La población indígena en Argentina fue sistemáticamente negada y excluida a lo largo de la historia del país1. Durante la época de la colonización, y especialmente con la serie de campañas militares llevadas a cabo, se produjo el exterminio de una gran parte de los pueblos indígenas2. Por la usurpación de sus territorios a partir del siglo XIX y el despojo de sus tierras y recursos, los indígenas fueron condenados a vivir en situaciones de extrema pobreza, lo que derivó en otras formas de exclusión social3.
El Estado reconoce en la actualidad la existencia de al menos 955 mil personas pertenecientes a más de treinta pueblos originarios, aunque admite que se trata de un “subregistro”. La academia acuerda que son muchos más. Estudios científicos determinaron que el 56 por ciento de la población tiene en su genética algún rastro indígena. Aún así, un discurso recurrente se refiere a los pueblos originarios como un hecho del pasado y no como una cultura que está viva y presente en la actualidad4.
Entre los pueblos reconocidos por el Estado, están los Atacama, Ava Guaraní, Aymara, Comechingón, Chané, Charrúa, Chorote, Chulupí, Diaguita-Calchaquí, Guaraní, Huarpe, Kolla, Lule, Mapuche, Mbyá Guaraní, Mocoví, Omaguaca, Ocloya, Pampa, Pilagá, Rankulche, Quechua, Querandí, Sanavirón, Selknam (Onas), Tapiete, Tehuelche, Tilián, Qom, Tonocoté, Tupí Guaraní, Vilela y Wichí, entre otros. Al mismo tiempo, nuevas comunidades transitan el camino del autoreconocimiento y se identifican pueblos que la historia oficial negó durante siglos. Uno de ellos: los Nivaclé.
A partir del V Centenario (1992), los pueblos indígenas del Continente experimentaron un proceso de reorganización y fortalecimiento. Argentina también fue parte de ese renacer. En las últimas dos décadas el país experimentó una profundización del extractivismo (megaminería, petróleo, forestales y agronegocios, entre otros) y de obras de infraestructura complementarias (represas, carreteras, gasoductos) que ubicó a pueblos originarios y campesinos como actores protagónicos en la defensa de los territorios y en la propuesta de otro modelo de desarrollo.
Dario Aranda
Periodista
Existe en Argentina una significativa distancia entre los derechos vigentes en leyes provinciales, nacionales y tratados internacionales de derechos humanos (Ver “Derechos”) y su efectiva aplicación. No obstante los avances en el reconocimiento jurídico de los derechos de los pueblos indígenas, la Argentina debe asumir su historia para poder transformar las prácticas que siguen reafirmando patrones de discriminación y exclusión.
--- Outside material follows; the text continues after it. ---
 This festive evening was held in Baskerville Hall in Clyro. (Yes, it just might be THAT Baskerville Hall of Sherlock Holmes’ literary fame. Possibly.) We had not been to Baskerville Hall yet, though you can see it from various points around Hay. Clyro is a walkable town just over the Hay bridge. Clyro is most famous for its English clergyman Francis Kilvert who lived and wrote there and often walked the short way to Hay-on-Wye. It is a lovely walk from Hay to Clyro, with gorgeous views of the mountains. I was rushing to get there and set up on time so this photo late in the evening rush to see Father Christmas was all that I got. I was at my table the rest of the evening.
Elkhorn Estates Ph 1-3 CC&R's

Tal como explica el Relator Especial sobre los derechos de los Pueblos Indígenas, James Anaya, si bien existe un número importante de leyes y programas nacionales y provinciales en materia indígena, “persiste una brecha significativa entre el marco normativo establecido en materia indígena y su implementación real”1. Sobre esta misma línea, la Secretaría de Derechos Humanos, dependiente del Ministerio de Justicia y Derechos Humanos de la Nación, señaló que “es mucho el camino que resta por recorrer en cuanto a las adecuaciones del marco jurídico y más aún en cuanto a la transformación de las prácticas en las instituciones públicas y en la cultura dominante, para alcanzar el reconocimiento y efectivo cumplimiento de los derechos de los pueblos originarios”2. La respuesta estatal continúa la violencia sistemática, la discriminación, la judicialización y la represión.
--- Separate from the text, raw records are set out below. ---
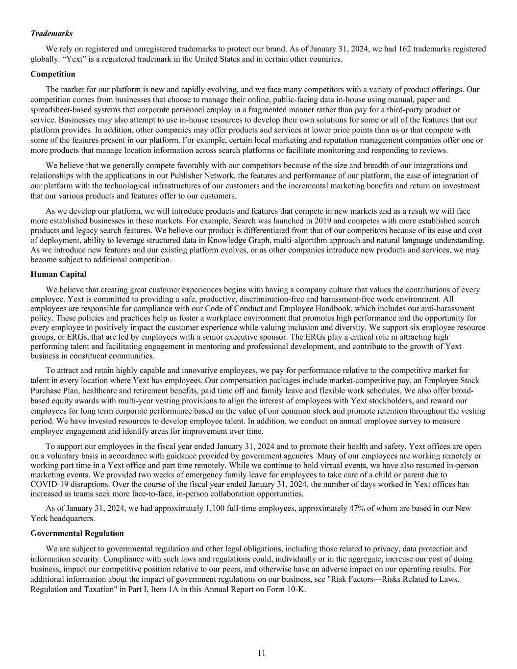 Trademarks We rely on registered and unregistered trademarks to protect our brand. As of January 31, 2024, we had 162 trademarks registered globally. “Yext” is a registered trademark in the United States and in certain other countries. Competition The market for our platform is new and rapidly evolving, and we face many competitors with a variety of product offerings. Our competition comes from businesses that choose to manage their online, public-facing data in-house using manual, paper and spreadsheet-based systems that corporate personnel employ in a fragmented manner rather than pay for a third-party product or service. Businesses may also attempt to use in-house resources to develop their own solutions for some or all of the features that our platform provides. In addition, other companies may offer products and services at lower price points than us or that compete with some of the features present in our platform. For example, certain local marketing and reputation management companies offer one or more products that manage location information across search platforms or facilitate monitoring and responding to reviews. We believe that we generally compete favorably with our competitors because of the size and breadth of our integrations and relationships with the applications in our Publisher Network, the features and performance of our platform, the ease of integration of our platform with the technological infrastructures of our customers and the incremental marketing benefits and return on investment that our various products and features offer to our customers. As we develop our platform, we will introduce products and features that compete in new markets and as a result we will face more established businesses in these markets. For example, Search was launched in 2019 and competes with more established search products and legacy search features. We believe our product is differentiated from that of our competitors because of its ease and cost of deployment, ability to leverage structured data in Knowledge Graph, multi-algorithm approach and natural language understanding. As we introduce new features and our existing platform evolves, or as other companies introduce new products and services, we may become subject to additional competition. Human Capital We believe that creating great customer experiences begins with having a company culture that values the contributions of every employee. Yext is committed to providing a safe, productive, discrimination-free and harassment-free work environment. All employees are responsible for compliance with our Code of Conduct and Employee Handbook, which includes our anti-harassment policy. These policies and practices help us foster a workplace environment that promotes high performance and the opportunity for every employee to positively impact the customer experience while valuing inclusion and diversity. We support six employee resource groups, or ERGs, that are led by employees with a senior executive sponsor. The ERGs play a critical role in attracting high performing talent and facilitating engagement in mentoring and professional development, and contribute to the growth of Yext business in constituent communities. To attract and retain highly capable and innovative employees, we pay for performance relative to the competitive market for talent in every location where Yext has employees. Our compensation packages include market-competitive pay, an Employee Stock Purchase Plan, healthcare and retirement benefits, paid time off and family leave and flexible work schedules. We also offer broad- based equity awards with multi-year vesting provisions to align the interest of employees with Yext stockholders, and reward our employees for long term corporate performance based on the value of our common stock and promote retention throughout the vesting period. We have invested resources to develop employee talent. In addition, we conduct an annual employee survey to measure employee engagement and identify areas for improvement over time. To support our employees in the fiscal year ended January 31, 2024 and to promote their health and safety, Yext offices are open on a voluntary basis in accordance with guidance provided by government agencies. Many of our employees are working remotely or working part time in a Yext office and part time remotely. While we continue to hold virtual events, we have also resumed in-person marketing events. We provided two weeks of emergency family leave for employees to take care of a child or parent due to COVID-19 disruptions. Over the course of the fiscal year ended January 31, 2024, the number of days worked in Yext offices has increased as teams seek more face-to-face, in-person collaboration opportunities. As of January 31, 2024, we had approximately 1,100 full-time employees, approximately 47% of whom are based in our New York headquarters. Governmental Regulation We are subject to governmental regulation and other legal obligations, including those related to privacy, data protection and information security. Compliance with such laws and regulations could, individually or in the aggregate, increase our cost of doing business, impact our competitive position relative to our peers, and otherwise have an adverse impact on our operating results. For additional information about the impact of government regulations on our business, see "Risk Factors—Risks Related to Laws, Regulation and Taxation" in Part I, Item 1A in this Annual Report on Form 10-K. 11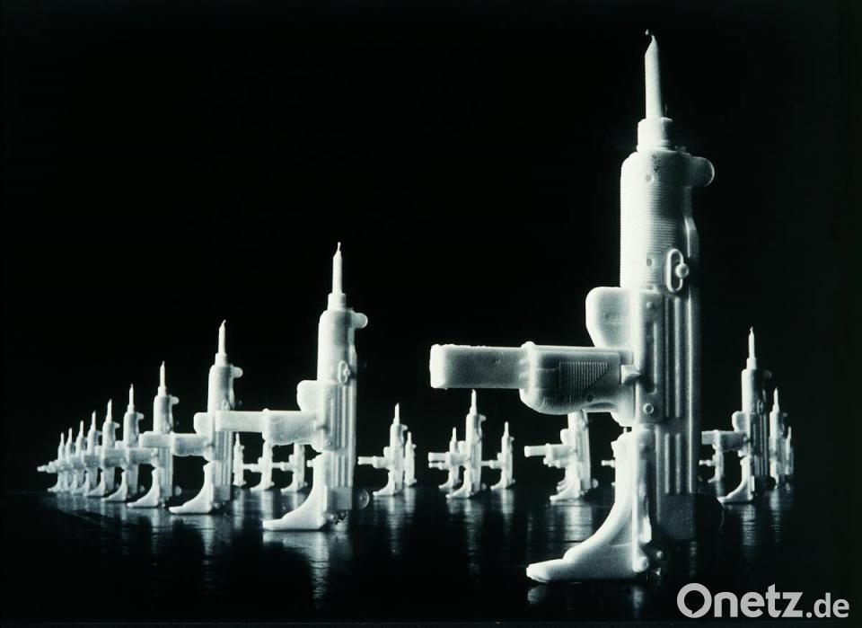 Die Vielfalt der Herde zeigt Schmidt in mehr als 24 Exponaten. „Da sind auch viele Dinge dabei, die es bisher nicht zu sehen gab“, verspricht er. Die Zeitspanne von 1983 bis 2021 wird abgedeckt, die Bilder zeigen vergangene Kunstaktionen wie beispielsweise „Mutige Hasen“ (Stempelung auf Klebeetikett), den „Hasenpanzer“ (Stempelung auf Schwarzpaier), „London walk“ (Tintenstrahldruck auf Fotopapier) oder den Bronzeguss „Brassing the city“.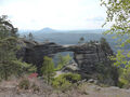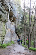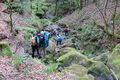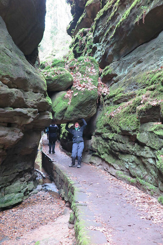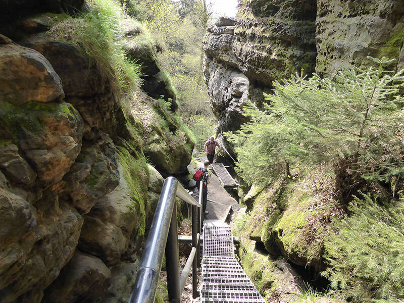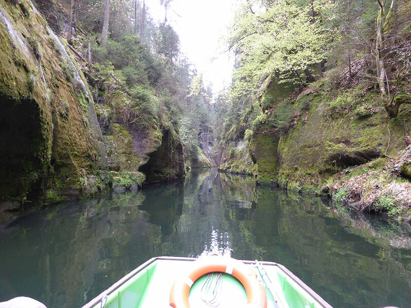 Für Donnerstag war trockenes Wetter wahrscheinlicher. Deshalb konnten wir einen weiteren Höhepunkt der Wanderwoche in Angriff nehmen: Prebischtor und Edmundsklamm in der Böhmischen Schweiz. Wir ließen uns nach Hřensko (Hermeskretschen) in Tschechien bringen. Auf breitem Weg stetig bergan erreichten wir nach einer guten Stunde und 300Hm die größte natürliche Sandstein-Felsbrücke Europas. Rund um das Prebischtor laden viele mit Treppen und Leitern verbundene Aussichtpunkte zum Bestaunen der faszinierenden Landschaft ein. Nach der Mittagspause unter der Felsbrücke führte uns der bequeme, reizvolle Gabrielensteig hinunter zum Touristenzentrum Mezni Louka und weiter in die enge Schlucht des Flüsschens Kamnitz. An einer Bootsstation war der gebaute Fußweg zu Ende, es geht nur mit einem Stocherkahn weiter. Nach 600m auf der Wilden Klamm stiegen wir wieder aus, durch einige Tunnel und Felsgalerien gelangten wir zur Bootsstation der Edmundklamm oder Stillen Klamm. Die tschechische „Gondolieres“ erzählten in der romantischen Klamm lustige Geschichten und ließen sogar einen Wasserfall laufen. Vom Ausstieg bis nach Hřensko an der Elbe war es dann nicht mehr weit, und wir ließen uns nach Regulierung des Flüssigkeit-Haushalts abholen. 22 Kilometer und 505 Höhenmeter in den Beinen, zwei Bootsfahrten und die zwei extrem unterschiedlichen Landschaften lassen uns diesen tollen Tag so schnell nicht vergessen!

Tal como graficó Félix Díaz, autoridad de la comunidad qom Potae Napocna Navogoh, en un mensaje que interpela a toda la sociedad, “Los derechos humanos aún no llegaron a los pueblos indígenas”.
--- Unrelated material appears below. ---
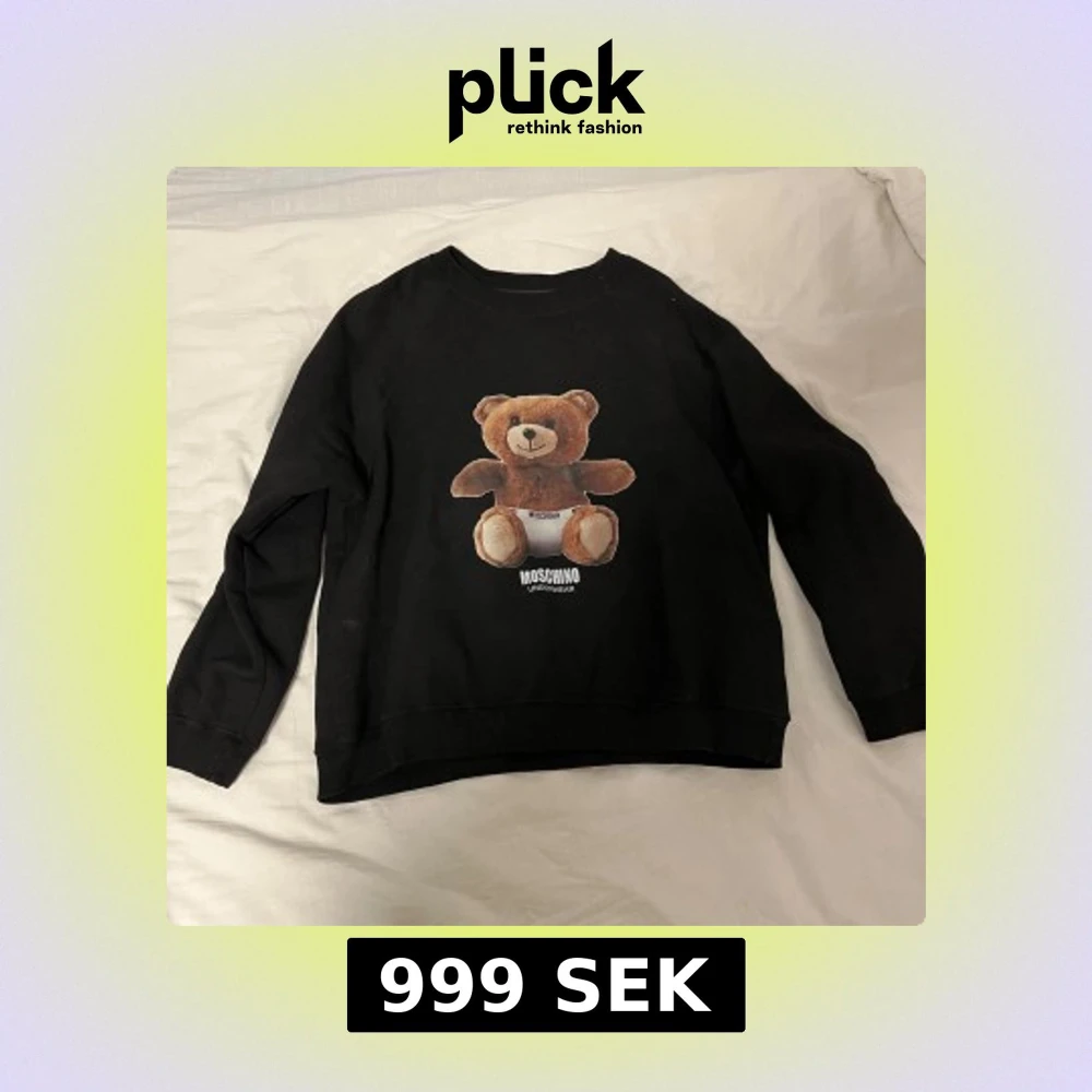 Säljer en svart tröja från Moschino med ett stort nalletryck på framsidan. Tröjan har långa ärmar och är tillverkad i bomull för en bekväm passform. Perfekt för dig som vill ha en stilren men lekfull look.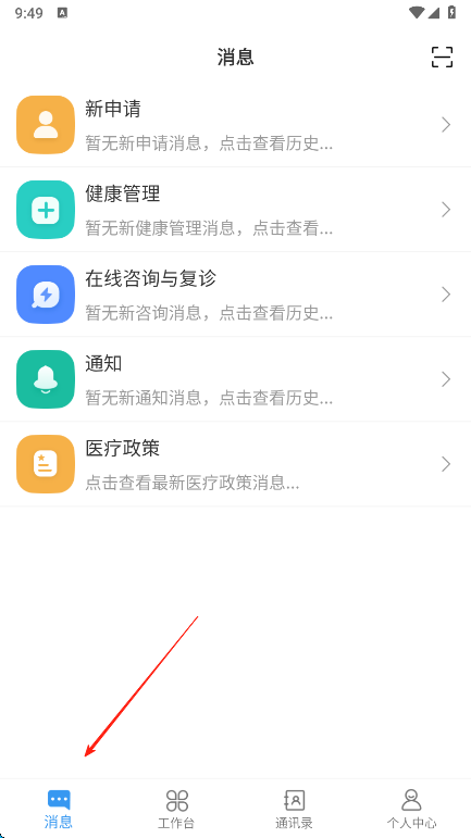1、打开医疗APP进入消息页面,可查看新申请健康管理在线咨询与复诊通知医疗政策等分类信息,点击对应分类能进入详情页,了解历史消息。

Doscientos casos son sólo un numero representativo de los conflictos presentes en Argentina en los que comunidades indígenas exigen el cumplimiento de sus derechos frente a gobiernos (municipales, provinciales, nacional), empresas (agropecuarias, mineras, petroleras, de turismo --entre otras--), y ante jueces y fiscales del Poder Judicial que desoyen las normativas vigentes. Todos los casos relevados han sido difundidos por las propias comunidades y organizaciones que acompañan. La información compartida es pública y propone ser un punto de partida para visibilizar los muchos casos que existen en el país.
El mapa es una herramienta colaborativa de diversas organizaciones, abierta, de actualización periódica y a disposición de todas las comunidades que lo requieran.